Again, final appellate judges refuse to obey the law and repeat their dissenting views in subsequent cases: R v Craig [2009] SCC 23, R v Ouellette [2009] SCC 24, and R v Nguyen [2009] SCC 25 (all 29 May 2009).
In the lead case, Craig, dissents were delivered by LeBel J, Fish J, and jointly by McLachlin CJ and Rothstein J. The same issues were addressed in Ouellette and Nguyen.
One would think (see notes for 19 January 2007, 16 January 2009 and 4 May 2009) that the dissenters would correctly identify the ratio of Craig and apply it in the subsequent cases. Instead, they repeated their reasoning by reference to what they had decided in Craig.

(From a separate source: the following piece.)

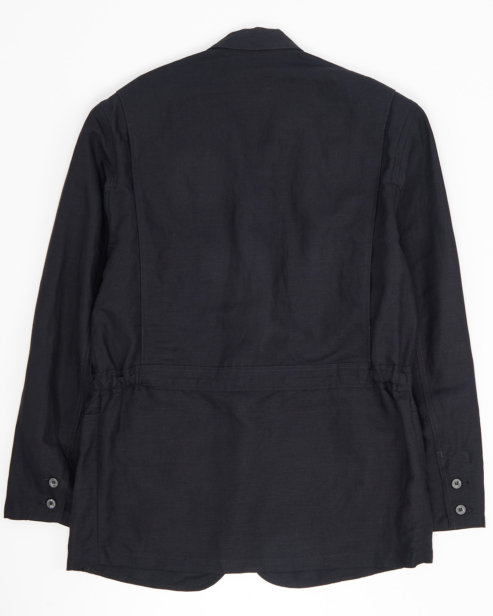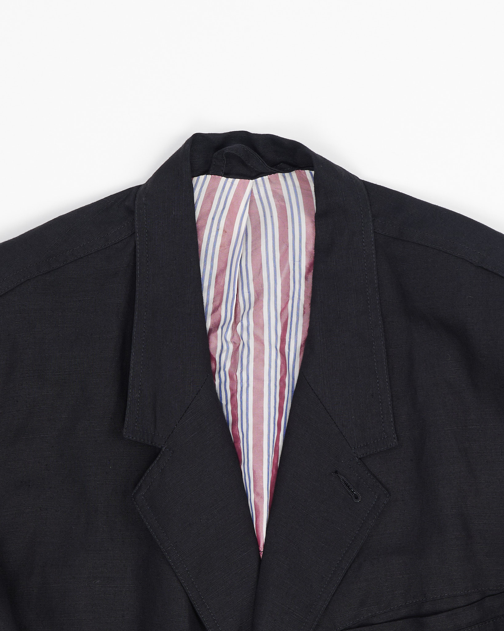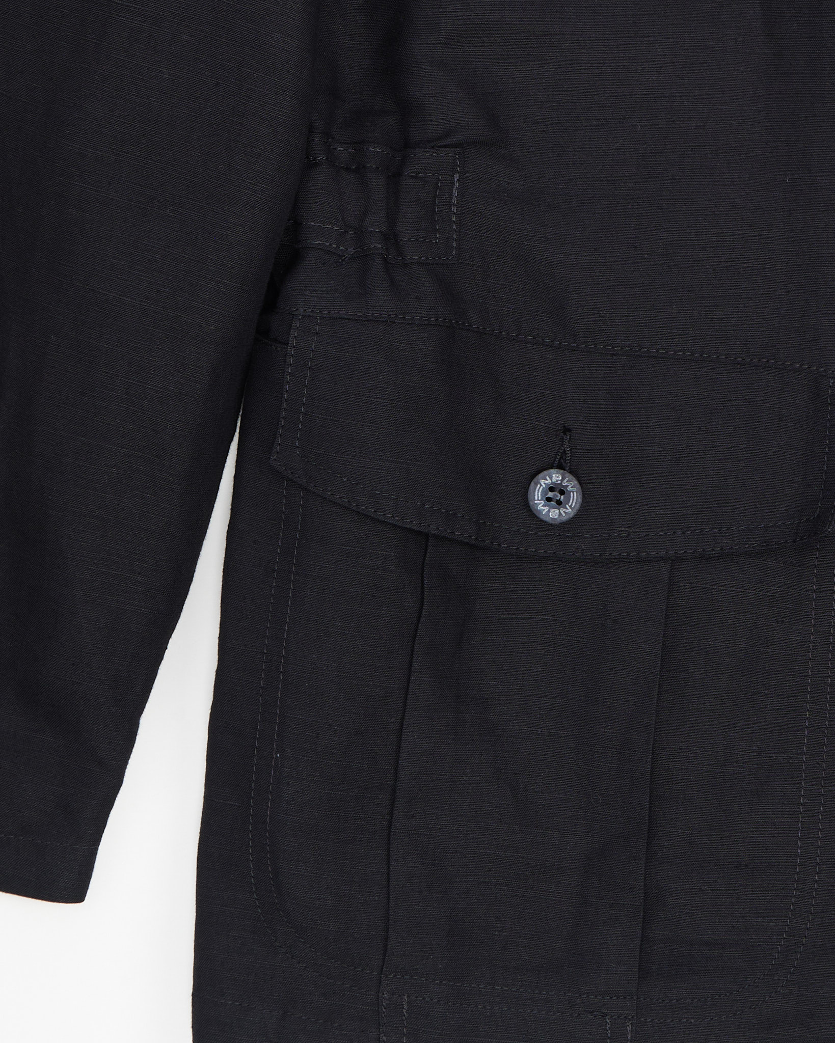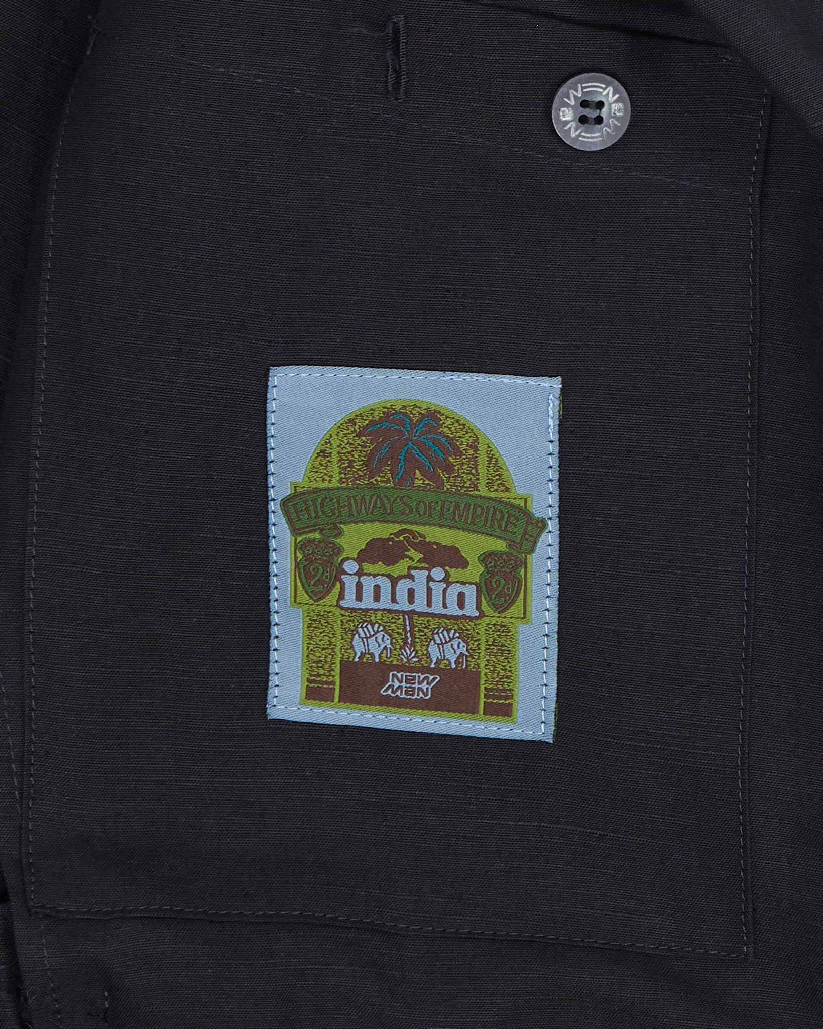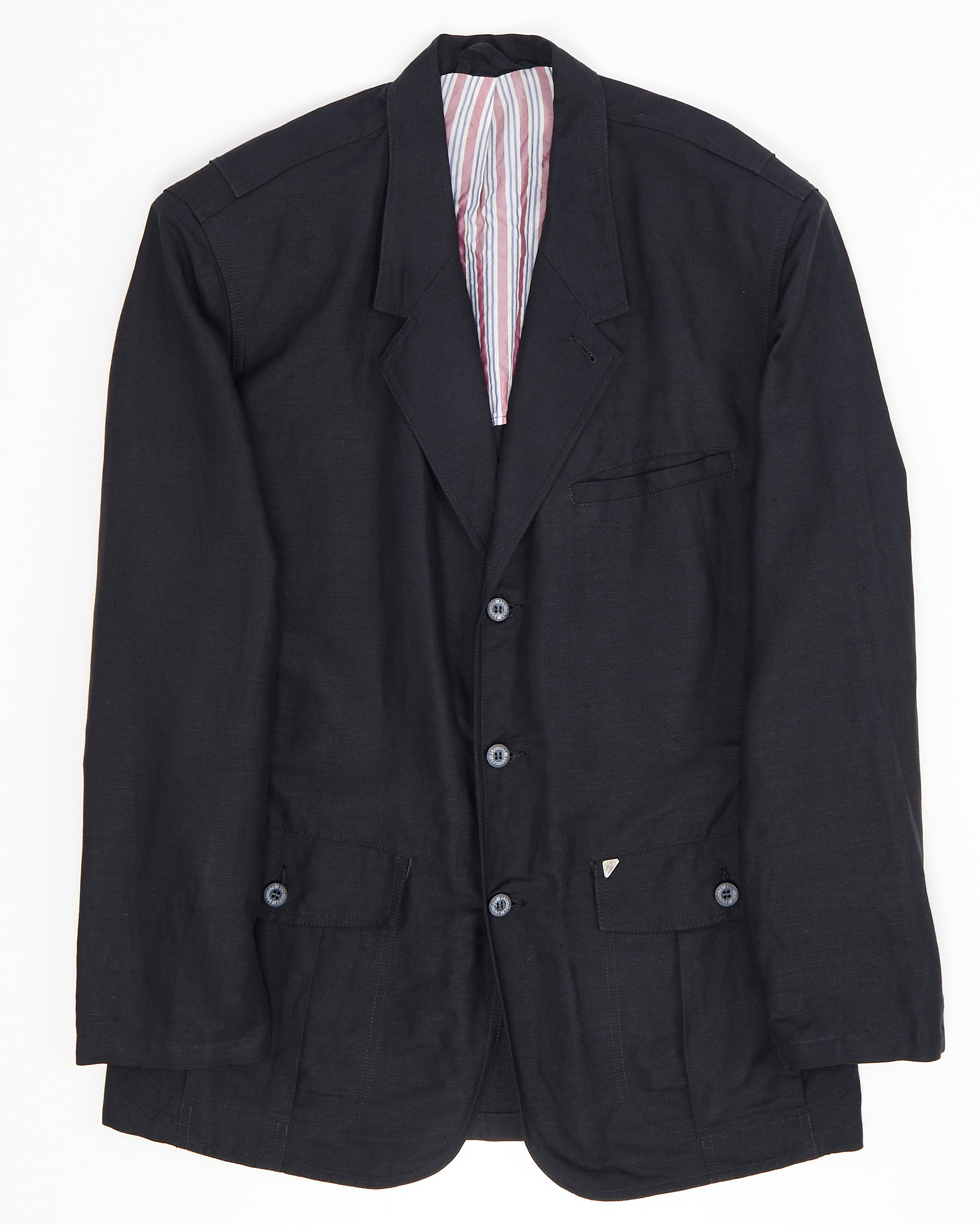 Пиджак New Man из плотного льна тёмного оттенка. Материал фактурный и приятный на ощупь, посадка свободная, силуэт прямой. Накладные карманы с клапанами и крупные пуговицы, внутри контрастная подкладка в полоску и фирменная нашивка India. Сделано во Франции.

There was no suggestion that the decision in Craig was being considered with a view to its being overturned. If there had been such a suggestion, it would have been proper for the dissents to be raised again.
It must be confusing for law students to see appellate judges doing this. In Ouellette and Nguyen the dissenting reasons have absolutely no legal value: no lower court can follow them without misapplying Craig.
The cases concern the Controlled Drugs and Substances Act, S.C. 1996, c.19, particularly ss 16 and 19.1. Craig holds that forfeiture and sentencing are exercises independent of each other, but where forfeiture of real property is being considered, injustice may be avoided if partial forfeiture is ordered, although other options are no forfeiture of full forfeiture.
McLachlin CJ and Rothstein J dissented on the issue of partial forfeiture, holding that it was never available as an option. LeBel J and Fish J each dissented on whether the exercises were separate, holding that a sentencing judge may take into account a punitive forfeiture order.
So, any court that considers partial forfeiture of real property is not available would be contravening Craig. As would a court that thought a sentence should be influenced by the extent of a forfeiture order.